Oh, I know you've probably always thought that title belonged to those first twelve guys. When was the last time you spoke of yourself as an "apostle"? But if you've made those baptismal promises -- as many of us did just two weeks ago -- you've taken vows as an apostle. You've promised to minister in God's name.
You might even try it on for size. Try saying to yourself, "I'm the apostle ______."
Because of our baptism, we are all ministers, sent out as apostles to serve God and God's people. It's true. Go ahead and say it: "I am a minister, the apostle _________."
All too often we're tempted to forget that we are ministers and apostles. And then we treat our life as a church as if it were an end in itself. We're happy to gather within the comfort of our worship and our buildings and our communities, just to be in the presence of the Lord. We've been content to be disciples, safely gathered around our Lord, shutting out the world and neglecting our gifts and abilities. To be a minister and an apostle is to risk, to venture, to step outside our close familiar company and into a world of people caught in suffering and fear. It takes courage to be an apostle and to minister.

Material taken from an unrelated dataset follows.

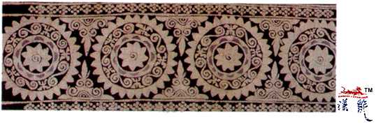 依族蜡染花边 蜡染 清 布长2.9厘米,宽9.5厘米,中央民族学院民族研究所文物室藏。

The followers gathered around Jesus weren't much different. They certainly weren't eager to go out there, outside the comfort of the close circle of friends and companions. But Jesus saw the world, grieving and wounded, and knew its suffering, felt it in his own bones, in his own heart. He saw the crowd, like sheep without a shepherd. So Jesus sent out his first apostles to bear the power of God into the world, to heal the sick, to bring the reconciliation of love. And he sends us still, to do the same. To be ministers of God.
Like the first apostles, we won't be perfect. We'll make mistakes, miss opportunities, go back on our word, betray our Lord. But our Lord is endlessly forgiving. And he keeps sending us back out into the world, in his name. The first apostles, our forebears in the faith, in the power of God, turned the world upside down. You can too.
Thanks to the Rev. Canon Linda Strohmier for the seed for this sermon.